WHAT TO DO: Every line below between the one holding "This paper proposes" and the one holding "A loose pair", inclusive, should be copied exactly, and no other line.

Saved entries:
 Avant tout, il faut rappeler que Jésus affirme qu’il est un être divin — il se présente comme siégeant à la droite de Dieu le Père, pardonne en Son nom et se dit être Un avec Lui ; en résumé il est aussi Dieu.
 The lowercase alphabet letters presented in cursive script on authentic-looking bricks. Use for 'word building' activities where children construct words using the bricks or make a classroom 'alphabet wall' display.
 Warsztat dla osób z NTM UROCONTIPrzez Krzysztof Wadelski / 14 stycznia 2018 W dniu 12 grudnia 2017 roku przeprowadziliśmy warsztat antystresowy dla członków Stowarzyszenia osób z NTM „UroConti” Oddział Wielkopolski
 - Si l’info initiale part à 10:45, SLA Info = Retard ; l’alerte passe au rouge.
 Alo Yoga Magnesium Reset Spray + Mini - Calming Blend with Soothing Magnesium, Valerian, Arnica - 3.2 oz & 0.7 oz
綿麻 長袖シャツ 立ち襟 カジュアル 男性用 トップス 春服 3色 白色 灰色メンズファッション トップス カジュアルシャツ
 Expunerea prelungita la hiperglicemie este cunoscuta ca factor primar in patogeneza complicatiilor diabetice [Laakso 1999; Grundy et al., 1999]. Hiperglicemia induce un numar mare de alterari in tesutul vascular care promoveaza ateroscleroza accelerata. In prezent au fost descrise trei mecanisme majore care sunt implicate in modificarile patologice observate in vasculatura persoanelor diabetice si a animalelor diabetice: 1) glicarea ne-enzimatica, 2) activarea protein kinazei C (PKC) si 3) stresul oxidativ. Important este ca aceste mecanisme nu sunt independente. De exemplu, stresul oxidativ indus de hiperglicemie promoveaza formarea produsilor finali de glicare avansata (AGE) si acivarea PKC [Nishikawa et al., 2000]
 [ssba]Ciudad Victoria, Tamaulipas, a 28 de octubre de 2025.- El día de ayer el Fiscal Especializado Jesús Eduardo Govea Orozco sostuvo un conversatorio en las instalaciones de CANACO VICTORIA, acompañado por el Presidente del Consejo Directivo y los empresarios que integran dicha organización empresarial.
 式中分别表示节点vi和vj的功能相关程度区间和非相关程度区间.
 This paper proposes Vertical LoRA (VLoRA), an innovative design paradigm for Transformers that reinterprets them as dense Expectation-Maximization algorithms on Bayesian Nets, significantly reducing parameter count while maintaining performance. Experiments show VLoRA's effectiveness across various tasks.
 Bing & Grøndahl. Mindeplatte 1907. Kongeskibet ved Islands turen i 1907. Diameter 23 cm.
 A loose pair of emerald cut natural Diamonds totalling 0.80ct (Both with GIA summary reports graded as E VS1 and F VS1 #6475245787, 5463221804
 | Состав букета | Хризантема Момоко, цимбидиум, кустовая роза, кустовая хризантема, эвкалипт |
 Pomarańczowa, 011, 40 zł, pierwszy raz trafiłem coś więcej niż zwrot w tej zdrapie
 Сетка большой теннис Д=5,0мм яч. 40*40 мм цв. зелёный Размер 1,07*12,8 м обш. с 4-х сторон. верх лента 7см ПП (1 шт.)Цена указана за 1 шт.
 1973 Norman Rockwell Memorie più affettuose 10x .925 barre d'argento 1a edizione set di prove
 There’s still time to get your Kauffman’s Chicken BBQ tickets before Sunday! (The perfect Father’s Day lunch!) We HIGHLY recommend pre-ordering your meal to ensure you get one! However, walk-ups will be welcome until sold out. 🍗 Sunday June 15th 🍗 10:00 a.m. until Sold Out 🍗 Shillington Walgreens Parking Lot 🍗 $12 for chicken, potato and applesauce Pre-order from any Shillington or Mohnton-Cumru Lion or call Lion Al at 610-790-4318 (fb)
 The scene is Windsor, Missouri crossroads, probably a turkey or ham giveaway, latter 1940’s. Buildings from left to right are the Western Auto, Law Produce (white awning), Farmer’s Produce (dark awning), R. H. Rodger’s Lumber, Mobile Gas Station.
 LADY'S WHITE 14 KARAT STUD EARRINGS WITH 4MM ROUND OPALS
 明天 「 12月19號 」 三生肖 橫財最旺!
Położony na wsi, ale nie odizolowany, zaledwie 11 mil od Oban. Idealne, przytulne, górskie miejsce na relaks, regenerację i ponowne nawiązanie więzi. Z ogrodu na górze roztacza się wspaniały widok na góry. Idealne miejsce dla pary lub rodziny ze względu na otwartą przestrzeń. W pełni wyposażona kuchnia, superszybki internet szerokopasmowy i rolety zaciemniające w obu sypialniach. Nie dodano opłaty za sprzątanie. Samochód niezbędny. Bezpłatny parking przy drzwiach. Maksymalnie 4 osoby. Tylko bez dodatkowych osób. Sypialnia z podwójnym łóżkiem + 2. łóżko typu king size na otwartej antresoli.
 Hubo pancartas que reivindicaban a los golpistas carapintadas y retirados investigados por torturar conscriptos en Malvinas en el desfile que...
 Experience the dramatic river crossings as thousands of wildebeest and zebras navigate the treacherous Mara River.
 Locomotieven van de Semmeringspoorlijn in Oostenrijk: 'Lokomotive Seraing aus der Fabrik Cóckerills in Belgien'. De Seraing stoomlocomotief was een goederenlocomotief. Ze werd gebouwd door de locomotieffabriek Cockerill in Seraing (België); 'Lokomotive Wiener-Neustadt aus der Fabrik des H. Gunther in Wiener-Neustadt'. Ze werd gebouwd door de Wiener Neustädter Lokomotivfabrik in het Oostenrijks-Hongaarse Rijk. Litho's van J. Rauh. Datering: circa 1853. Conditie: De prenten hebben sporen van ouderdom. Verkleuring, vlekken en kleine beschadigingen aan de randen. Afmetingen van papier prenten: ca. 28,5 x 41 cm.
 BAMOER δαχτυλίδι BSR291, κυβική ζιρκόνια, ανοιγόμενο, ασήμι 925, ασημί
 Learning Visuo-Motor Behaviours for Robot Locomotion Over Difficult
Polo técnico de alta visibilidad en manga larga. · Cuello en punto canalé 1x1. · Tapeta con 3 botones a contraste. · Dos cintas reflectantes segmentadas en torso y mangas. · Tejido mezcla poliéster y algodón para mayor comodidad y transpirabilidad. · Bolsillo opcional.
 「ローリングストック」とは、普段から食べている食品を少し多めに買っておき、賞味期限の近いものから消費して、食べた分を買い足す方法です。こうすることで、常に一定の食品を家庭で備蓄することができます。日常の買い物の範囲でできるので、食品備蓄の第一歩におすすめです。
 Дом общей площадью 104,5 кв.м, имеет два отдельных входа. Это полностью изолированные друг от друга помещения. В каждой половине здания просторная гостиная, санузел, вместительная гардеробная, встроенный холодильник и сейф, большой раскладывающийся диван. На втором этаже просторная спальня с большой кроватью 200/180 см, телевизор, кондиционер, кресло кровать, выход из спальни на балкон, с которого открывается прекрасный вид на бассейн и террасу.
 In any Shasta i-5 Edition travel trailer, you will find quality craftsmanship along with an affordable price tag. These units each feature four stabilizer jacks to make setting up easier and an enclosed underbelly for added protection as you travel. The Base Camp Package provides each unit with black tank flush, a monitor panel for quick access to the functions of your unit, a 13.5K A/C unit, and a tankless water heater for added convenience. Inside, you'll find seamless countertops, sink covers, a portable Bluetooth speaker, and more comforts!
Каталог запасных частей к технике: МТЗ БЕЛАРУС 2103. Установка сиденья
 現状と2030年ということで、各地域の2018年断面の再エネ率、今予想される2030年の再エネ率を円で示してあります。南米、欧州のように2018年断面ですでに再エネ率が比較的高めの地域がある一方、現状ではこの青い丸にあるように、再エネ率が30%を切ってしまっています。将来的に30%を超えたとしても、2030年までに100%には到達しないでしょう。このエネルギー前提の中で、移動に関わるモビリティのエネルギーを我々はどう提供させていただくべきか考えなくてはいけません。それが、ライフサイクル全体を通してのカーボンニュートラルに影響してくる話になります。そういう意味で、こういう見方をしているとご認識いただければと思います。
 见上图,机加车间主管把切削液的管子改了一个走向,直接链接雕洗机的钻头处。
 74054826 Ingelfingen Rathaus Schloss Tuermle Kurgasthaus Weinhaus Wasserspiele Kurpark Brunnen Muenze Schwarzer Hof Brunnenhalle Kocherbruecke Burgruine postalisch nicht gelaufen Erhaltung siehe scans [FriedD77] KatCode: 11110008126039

OUTPUT OF THE TASK:
 This paper proposes Vertical LoRA (VLoRA), an innovative design paradigm for Transformers that reinterprets them as dense Expectation-Maximization algorithms on Bayesian Nets, significantly reducing parameter count while maintaining performance. Experiments show VLoRA's effectiveness across various tasks.
 Bing & Grøndahl. Mindeplatte 1907. Kongeskibet ved Islands turen i 1907. Diameter 23 cm.
 A loose pair of emerald cut natural Diamonds totalling 0.80ct (Both with GIA summary reports graded as E VS1 and F VS1 #6475245787, 5463221804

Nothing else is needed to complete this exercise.